-------- Provided material --------

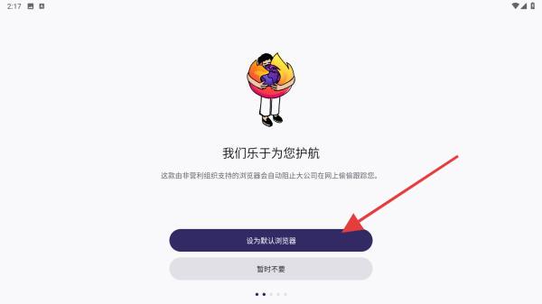 2、默認(rèn)瀏覽器設(shè)置:進(jìn)入設(shè)為默認(rèn)瀏覽器頁(yè),可選設(shè)為默認(rèn)瀏覽器,系統(tǒng)級(jí)設(shè)置或暫時(shí)不要,后續(xù)可在設(shè)置里修改。
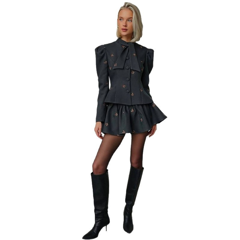 Womens Elegant Gray Commuter Dress Set With Floral Print And Long Sleeves
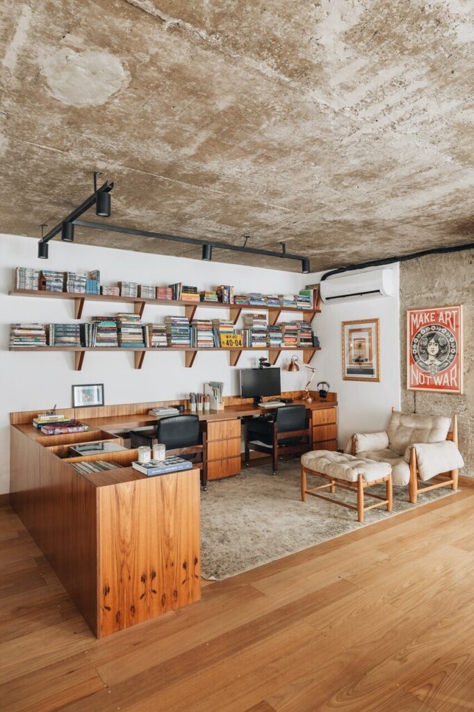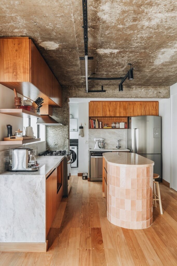 A estrutura em betão aparente, exposta em pilares, vigas e laje, é a melhor guardiã da memória deste edifício. A sua presença forte, quase bruta, acentua o caráter do apartamento de 98 m², com projeto do ateliê FJ55 Arquitetura. As fotografias são de André Mortatti. Veja mais aqui.
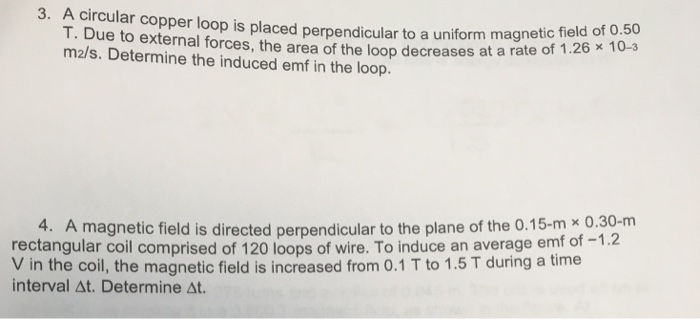 A circular copper loop is placed perpendicular to a uniform magnetic field of 0. A circular copper loop is placed perpendicular to a uniform magnetic field of 075 T. Determine the induced emf in the loop.

--------

[Exercise objective]: Output the data above exactly, beginning at its first line and ending with the line that holds "Womens Elegant Gray". Leave out the pictures and add nothing.

[Reply]:
 2、默認(rèn)瀏覽器設(shè)置:進(jìn)入設(shè)為默認(rèn)瀏覽器頁(yè),可選設(shè)為默認(rèn)瀏覽器,系統(tǒng)級(jí)設(shè)置或暫時(shí)不要,后續(xù)可在設(shè)置里修改。
 Womens Elegant Gray Commuter Dress Set With Floral Print And Long Sleeves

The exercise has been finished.